The calling convention seems to be cdecl in both of the cases, and there's no difference in how the functions are called. You can add keyword __cdecl to both in order to make that clear.
void __cdecl Test_Fn(double *x, size_t n,double *AV, size_t *mA, size_t NT)
However adding inline assembly compiled with GCC to the function compiled with Borland is not straightforward, because Borland might set up a stack frame even if the function body contains only inline assembly, causing the value of ESP register to differ from the one used in the GCC code. I see three possible workarounds:
Compile with Borland without the option "Standard stack frames". If the compiler figures out that a stack frame is not needed, this might work.
Compile with GCC without the option -fomit-frame-pointer.

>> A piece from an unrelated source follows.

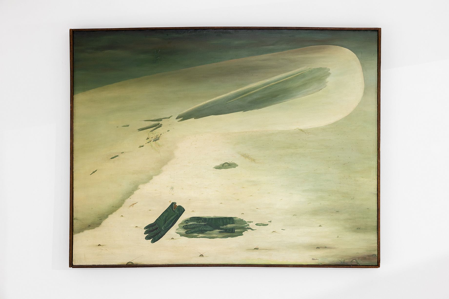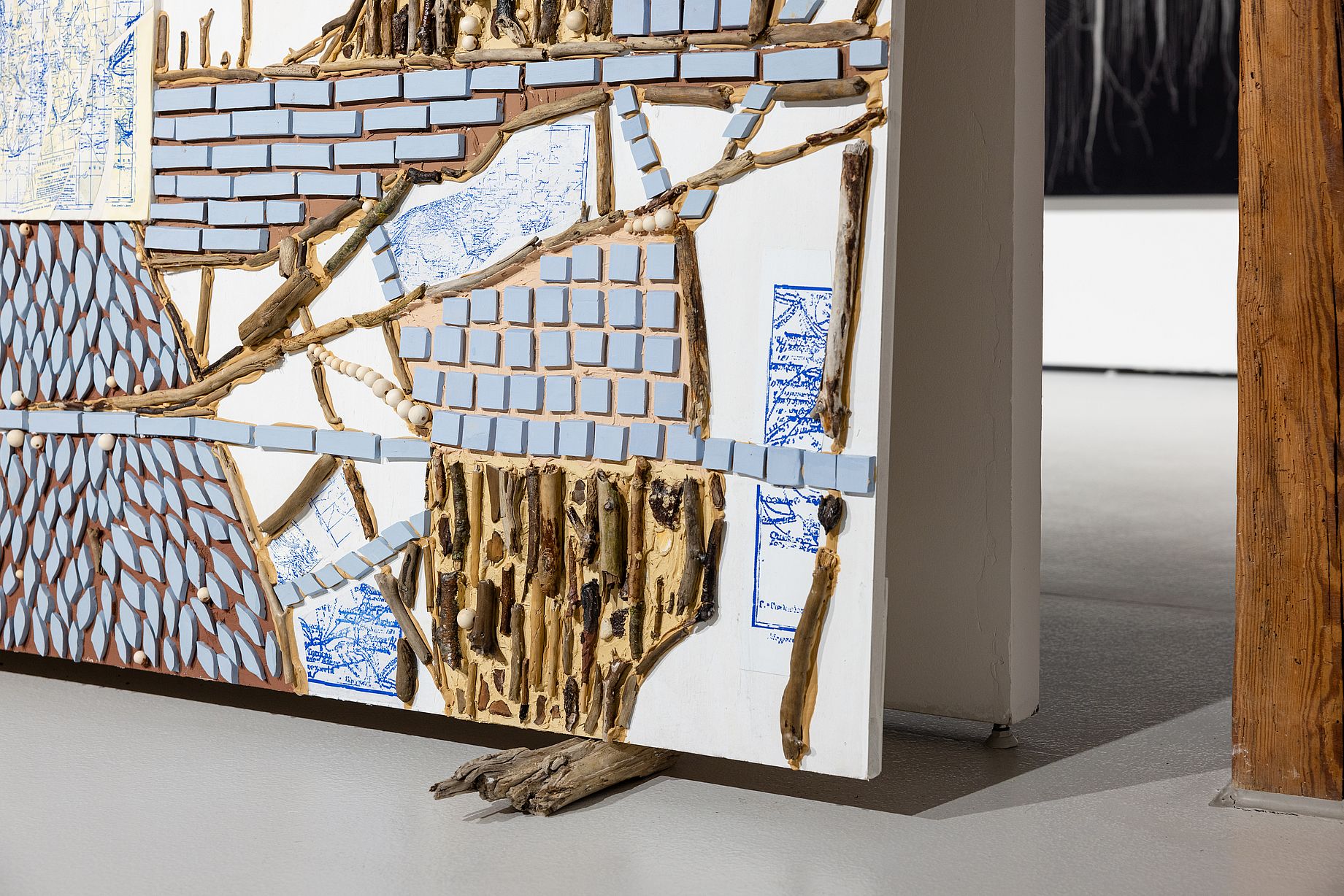 A.K.: I to jest problematyczny moment. Takie rozważania są obecne w pracach Theresy Weber, która podejmuje wątki karaibskie, w kontekście żywiołu natury, huraganu, sztormu, jako tej sprawczości. Huragan Melissa, jaki ostatnio dotknął wybrzeża Jamajki, wyrządził ogromne szkody na morzach i na lądzie. Więc rzeczywiście woda nie zawsze jest sprzymierzeńcem. I to odzwierciedla technika kolażu, której używa Weber, która może budzić skojarzenia z rozbiciem, zranieniem, erozją. Zranienia odnajdziemy też w obrazie Elżbiety Kulki z 1983 roku pod tytułem „Wyzwanie”, w którym artystka-marynistka namalowała dno Bałtyku. To przykład przedstawienia wody nie jako samej cieczy, ale całego otoczenia. Obraz Kulki uległ częściowemu zniszczeniu, miejscami płótno popękało, ale artystka zamiast to naprawić, podkreśliła pęknięte miejsca, domalowując wokół nich szwy. Bałtyk w swojej historii przeszedł wiele zranień w postaci zanieczyszczeń, wraków po II wojnie światowej, odpadów z paliwem w korodujących beczkach.

This should make sure that atleast the value of EBP is the same in both. The option is enabled at levels -O, -O2, -O3 and -Os.
Manually edit the assembly produced by GCC, changing references to ESP to EBP and adding 4 to the offset.
I would recommend you do some reading up on Application Binary Interfaces.
Here is a relevant link to help you figure out what compiler generates what sort of code:
https://en.wikipedia.org/wiki/X86_calling_conventions
I'd try either compiling everything with GCC, or see if compiling just the critical file with GCC and the rest with Borland and linking together works. What you explain can be made to work, but it will be a hard job that probably isn't worth your invested time (unless it will run very frequently on many, many machines).